Shahar: So a very concrete example would be, we are getting pretty good at mechanisms for privacy-preserving machine learning. We have techniques that use various kinds of encryption, use various kinds of algorithms, to minimize the amount of information required to train a system. Or that keeps the information at its source and only takes a few relevant items. Or adds some noise to the data so that you can’t infer things about the individual participants. Or that you encrypt the computation in some way that you can still use the service without necessarily sharing all of the private stuff.
Shahar: And so once you have those standards, then you can ask, “Is this developer who’s operating in a privacy sensitive domain using the standard or not?” And you can start by just seeing if they say anything publicly, about using that standard. Or you could have an auditor come in and check whether in the development process, they’re using best practice of privacy, preserving machine learning,⬆
Sensibilizing To Privacy Through Federated Learning
Michaël: What kind of best practices or standard are we talking about here?
Shahar: Are you using Federated Learning? Are you using the differential privacy in this context? And you need a little bit of expertise to know what good implementation of these tools looks in different domains, there’s no one size fits all. But these are things that we can get to doing, partly because, as a part of the report, there are public demonstrations of what end to end projects look like that use federated learning or use differential privacy look like.
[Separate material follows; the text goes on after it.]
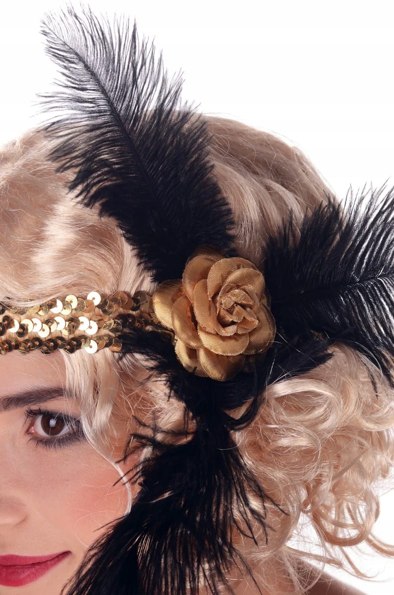 Повязка на голову с пайетками и вшитой резинкой. Ободок украшен перьями и розой из искусственной ткани.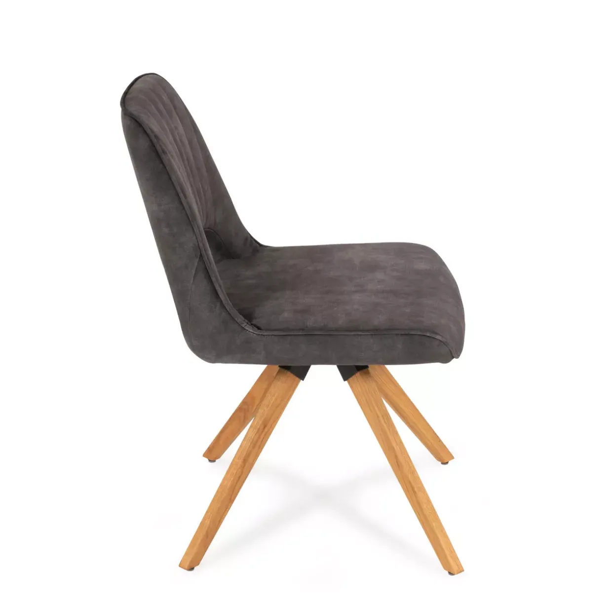 Die gepolsterte Rückenlehne, verziert mit eleganter Längssteppung, sorgt für zusätzlichen Komfort und unterstützt eine gesunde Sitzhaltung. Polyester als Teil der Materialauswahl garantiert Pflegeleichtigkeit und Strapazierfähigkeit. Diese Eigenschaften machen den Stuhl zu einem idealen Begleiter für den Alltag.

Michaël: What is federated learning for people who are not familiar?
Shahar: Federated learning is where you keep a lot of the information on the original device. So, say you want to train an algorithm on data that is collected from people’s personal mobile devices.
Shahar: One way to do it is you get all of the information from all of the mobile devices into your own datacenter and then you train a system of that and that clearly is a privacy risk, especially if that data is medical data or other kind of sensitive data. Alternatively, you can run an algorithm that kind of looks at the data on the person’s device and then only updates a few weights of the model and those updates get sent back to the centralized space. So your model still loans but you never got access centrally to all of the data that was used to train it.
Michaël: I know this makes a lot of sense for me because I’m kind of familiar to your research but I would kind of expect some AI alignment researcher hearing this podcast and think, “Wait, we started by talking about AGI and now we’re talking about something close to GDPR.” How do you connect this data regulation to maybe the long term future of building safe transformative AI.⬆
How To Motivate AI Regulations
Shahar: Perfect. So you start by saying some AI systems could be risky, right? That is already a controversial plan because most of software, at least since the 90s is not regulated, right? Most of software, the potential harms that come from general software are not considered the purview of government, maybe there are some lawsuits on the margin but largely you buy a software for Microsoft or from Google and if things go badly for you, then things go badly for you. You shouldn’t have bought it in the first place. It’s a responsibility of the user. We want to get to the point where there’s an agreement that when software or AI systems become sufficiently advanced, the hubs are big enough that governments should stop caring about it and privacy is a way to do it, today. Bias is a way to do it, today.
Shahar: And then you start carving out certain domains where AI could be harmful where governments could pay attention and then you ask, “Okay, so how should governments pay attention?” And so you build a machinery, that machinery could look like mandatory audits. It could look like standards and best practices. It could look like red teaming and all of these tools basically create an interface whereby a government or regulator, a third party actor or an industry body demands information from an AI developer to make sure that they’re dealing with risks.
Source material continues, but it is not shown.